Task description: Nothing but the lines from the start of the data through the line with "อัพเดต 04 มิ.ย." should appear in the answer, each retyped exactly, and pictures should not.

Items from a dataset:

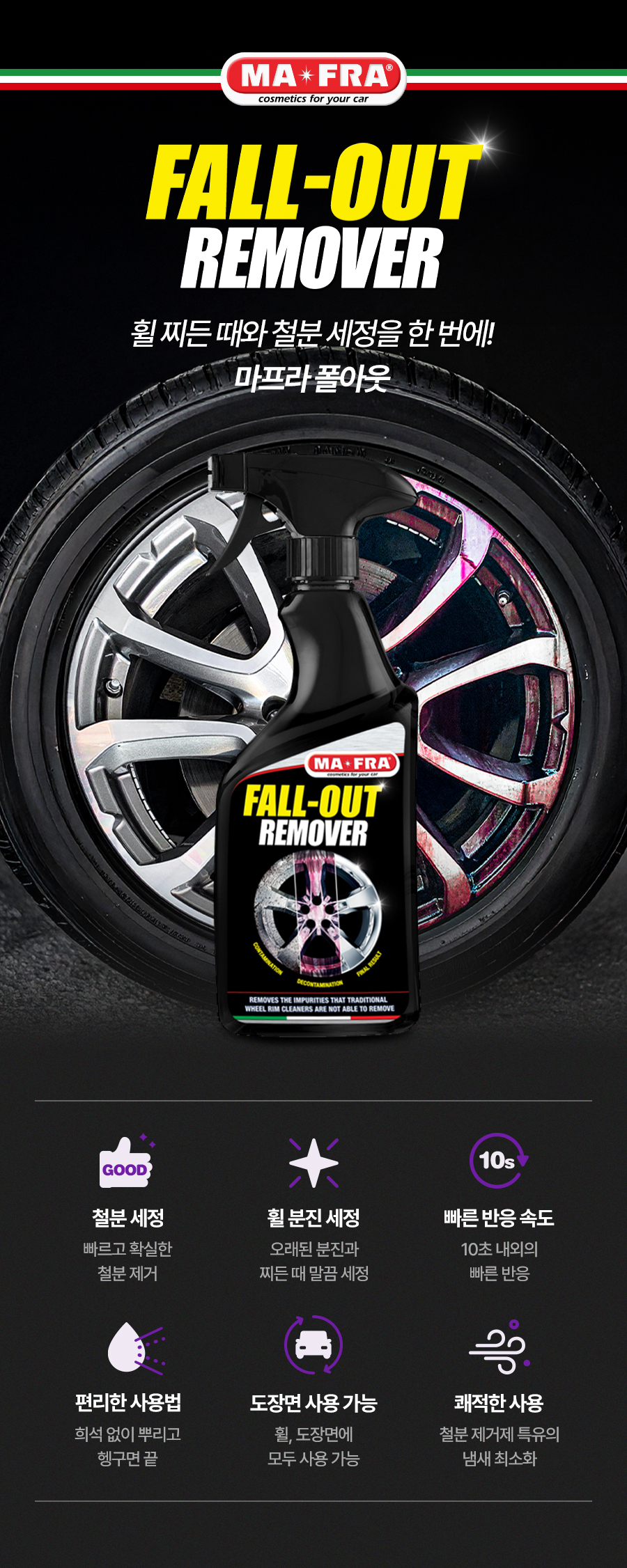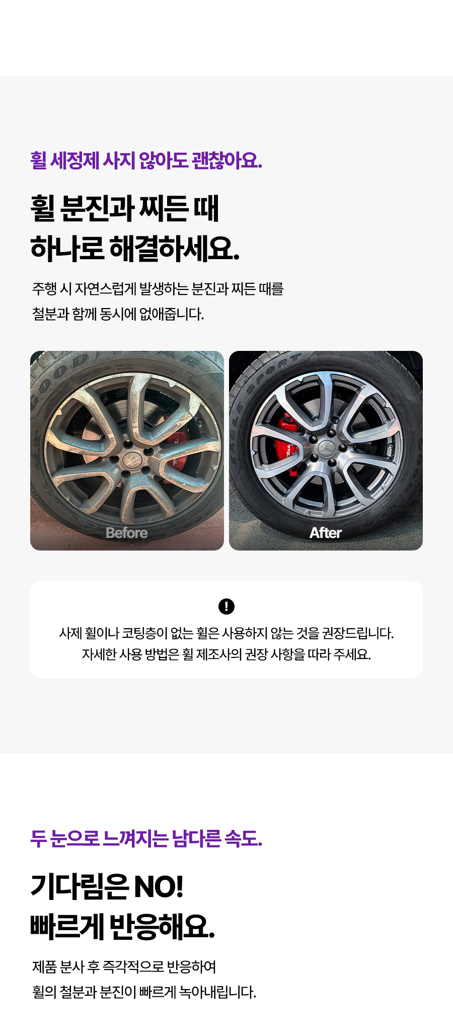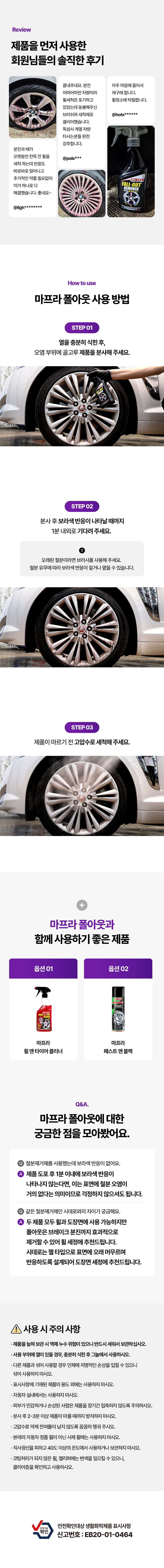 | 9. 사용상 주의사항 | 다른 제품과 섞어 사용할 경우 인체에 치명적인 손상을 입힐 수 있으니 섞어 사용하지 마시오. 표시사항에 기재된 제품의 용도 외에는 사용하지 마시오. 자동차 실내에서는 사용하지 마시오. 피부가 민감하거나 손상된 사람은 제품을 장기간 접촉하지 않도록 주의하시오. 휠이 뜨거울 때는 절대 도포하지 마시오. 분사 후 2~3 분 이상 제품 마를 때까지 방치하지 마시오. 고압수로 약제 잔여물이 남지 않도록 꼼꼼히 헹궈 주시오. 본래의 자동차 정품 휠이 아닌 사제 휠에는 사용하지 마시오. 직사광선을 피하고 40 도 이상의 온도에서 사용하거나 보관하지 마시오. 코팅처리가 되지 않은 휠, 캘리퍼에는 변색을 일으킬 수 있으니, 클리어층을 확인하고 사용하시오. |
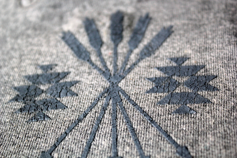 Discharge ink is used to print lighter colours onto dark background fabrics, they work by removing the dye of the garment – this means they leave a much softer texture. The cons with this process is that they are less graphic in nature than Plastisol Inks, and exact colours are difficult to control. One of the pros of using this process is they are especially good for distressed prints and under-basing on dark garments that are to be printed with additional layers of Plastisol. It adds variety to the design or gives it that natural soft feel.
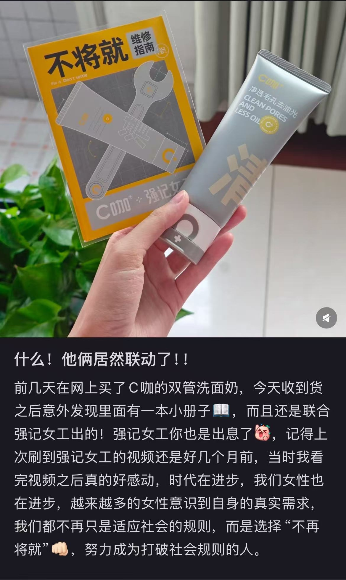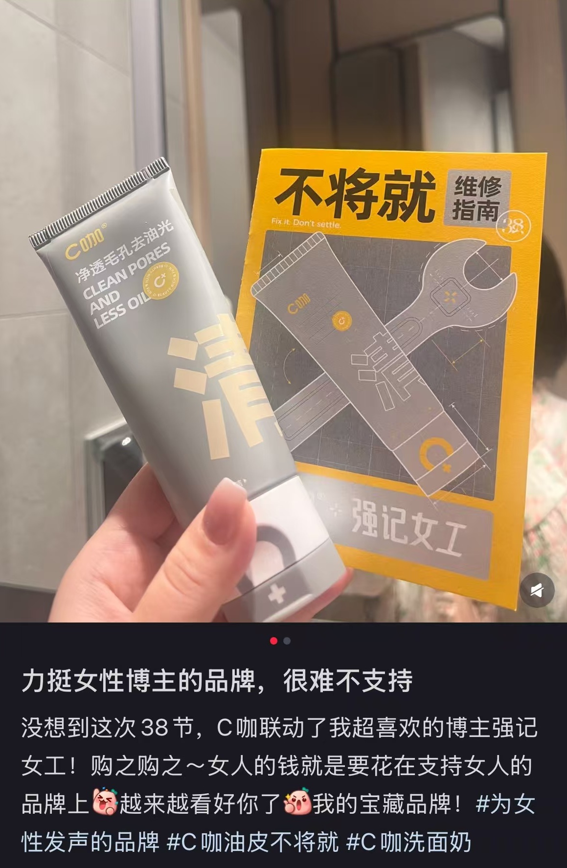 一个是成立于 2021 年专注油皮精准护肤的品牌,一个是诞生于 2024 年致力于让女性拥有安心家修体验的团队,两个看似毫不相关的领域,因为“强的精神”走到了一起。也让人们看到:三八节的表达,除了感性叙事,还可以有更务实的视角。
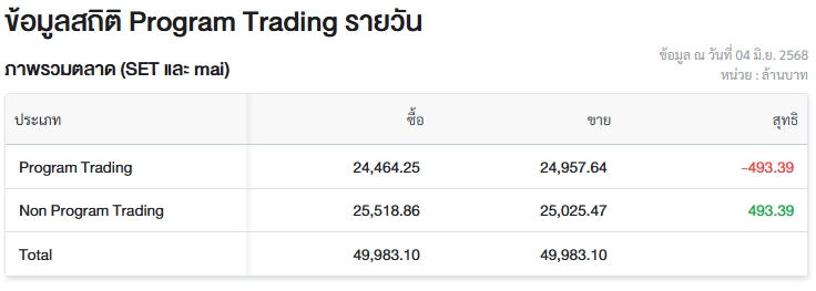 อัพเดต 04 มิ.ย. 2568 เวลา 13.22 น. • เผยแพร่ 04 มิ.ย. 2568 เวลา 13.22 น. • ข่าวหุ้นธุรกิจออนไลน์ผู้สื่อข่าวรายงานว่า วันนี้ (4 มิ.ย.68) ตลาดหลักทรัพย์แห่งประเทศไทย (ตลท.) เปิดเผยข้อมูลซื้อขายรายวันผ่าน Program Trading หรือ “โปรแกรมโรบอทเทรดดิ้ง” มีมูลค่าซื้อจำนวน 24,464.25 ล้านบาท และมูลค่าขายจำนวน 24,957.64 ล้านบาท เท่ากับขายสุทธิ 493.39 ล้านบาท
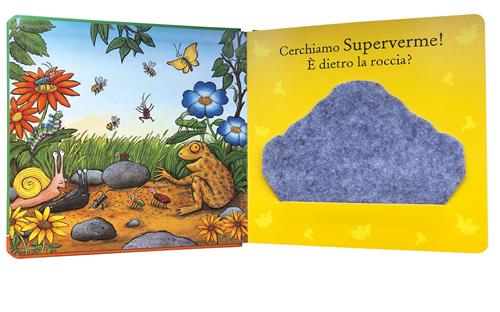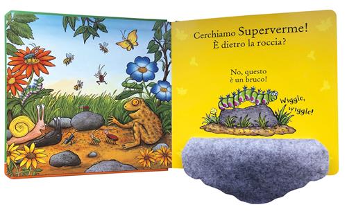 Un libro illustrato tattile per bambini dai 3 anni, con le pagine di cartone, angoli arrotondati e alette in feltro da sollevare in ogni pagina, perfetto per stimolare l'abilità e la sensibilità manuale del bambino. La lettura della storia può potenziare la coordinazione occhio-mano, sviluppare la capacità discorsiva, aiutare l'apprendimento tramite la ripetizione. Basato sul libro illustrato "Superverme", un libro per giocare, imparare e fare i primi passi tra i libri con alcuni dei personaggi nati dalla fantasia di Julia Donaldson e Axel Scheffler, creatori de "Il Gruffalò". Età di lettura: da 3 anni.
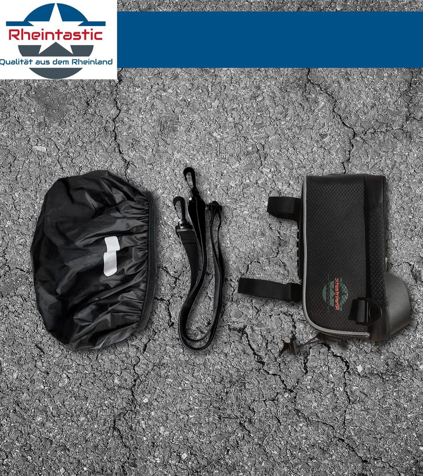 Wasserdichte Rheintastic Rahmentasche mit integriertem Handyfach bis zu 6 Zoll Fahrrad-Tasche inklusive Regenschutzhülle und Umhängegurt Schwarz
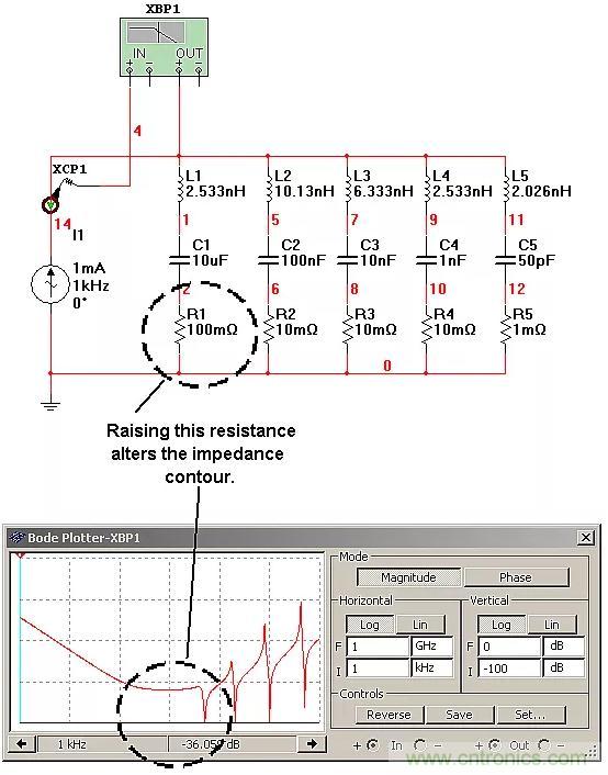 5個阻抗零點和4個阻抗峰值都受到電阻值的影響,圖3提供了一個范例。請注意,并聯(lián)諧振頻率本身不能完全消除,將永遠存在,你必須考慮到這一點。
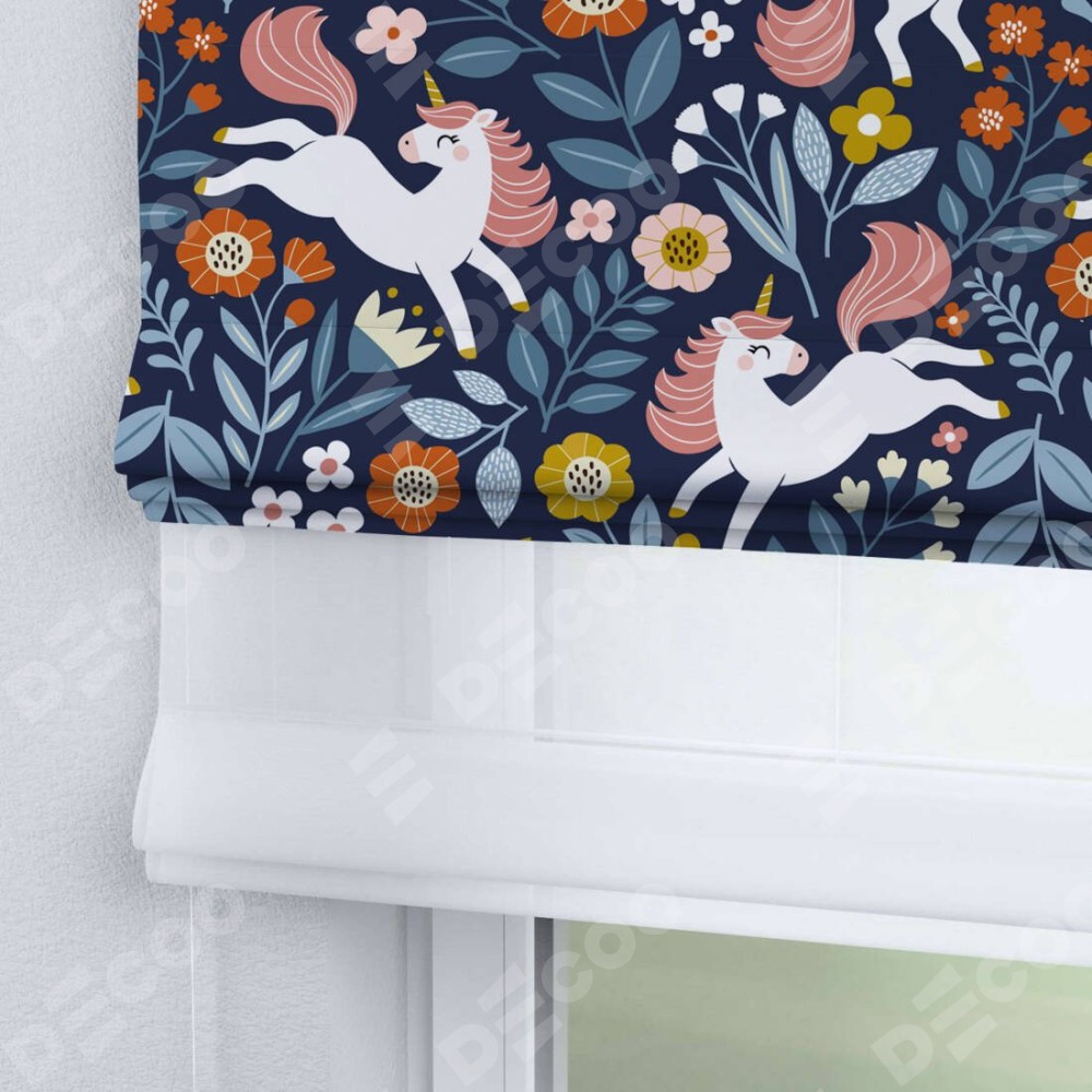 Римская штора «Кортин» день-ночь «Цветы и единороги» отлично подойдёт для интерьера: в детскую.

Task result:
 | 9. 사용상 주의사항 | 다른 제품과 섞어 사용할 경우 인체에 치명적인 손상을 입힐 수 있으니 섞어 사용하지 마시오. 표시사항에 기재된 제품의 용도 외에는 사용하지 마시오. 자동차 실내에서는 사용하지 마시오. 피부가 민감하거나 손상된 사람은 제품을 장기간 접촉하지 않도록 주의하시오. 휠이 뜨거울 때는 절대 도포하지 마시오. 분사 후 2~3 분 이상 제품 마를 때까지 방치하지 마시오. 고압수로 약제 잔여물이 남지 않도록 꼼꼼히 헹궈 주시오. 본래의 자동차 정품 휠이 아닌 사제 휠에는 사용하지 마시오. 직사광선을 피하고 40 도 이상의 온도에서 사용하거나 보관하지 마시오. 코팅처리가 되지 않은 휠, 캘리퍼에는 변색을 일으킬 수 있으니, 클리어층을 확인하고 사용하시오. |
 Discharge ink is used to print lighter colours onto dark background fabrics, they work by removing the dye of the garment – this means they leave a much softer texture. The cons with this process is that they are less graphic in nature than Plastisol Inks, and exact colours are difficult to control. One of the pros of using this process is they are especially good for distressed prints and under-basing on dark garments that are to be printed with additional layers of Plastisol. It adds variety to the design or gives it that natural soft feel.
 一个是成立于 2021 年专注油皮精准护肤的品牌,一个是诞生于 2024 年致力于让女性拥有安心家修体验的团队,两个看似毫不相关的领域,因为“强的精神”走到了一起。也让人们看到:三八节的表达,除了感性叙事,还可以有更务实的视角。
 อัพเดต 04 มิ.ย. 2568 เวลา 13.22 น. • เผยแพร่ 04 มิ.ย. 2568 เวลา 13.22 น. • ข่าวหุ้นธุรกิจออนไลน์ผู้สื่อข่าวรายงานว่า วันนี้ (4 มิ.ย.68) ตลาดหลักทรัพย์แห่งประเทศไทย (ตลท.) เปิดเผยข้อมูลซื้อขายรายวันผ่าน Program Trading หรือ “โปรแกรมโรบอทเทรดดิ้ง” มีมูลค่าซื้อจำนวน 24,464.25 ล้านบาท และมูลค่าขายจำนวน 24,957.64 ล้านบาท เท่ากับขายสุทธิ 493.39 ล้านบาท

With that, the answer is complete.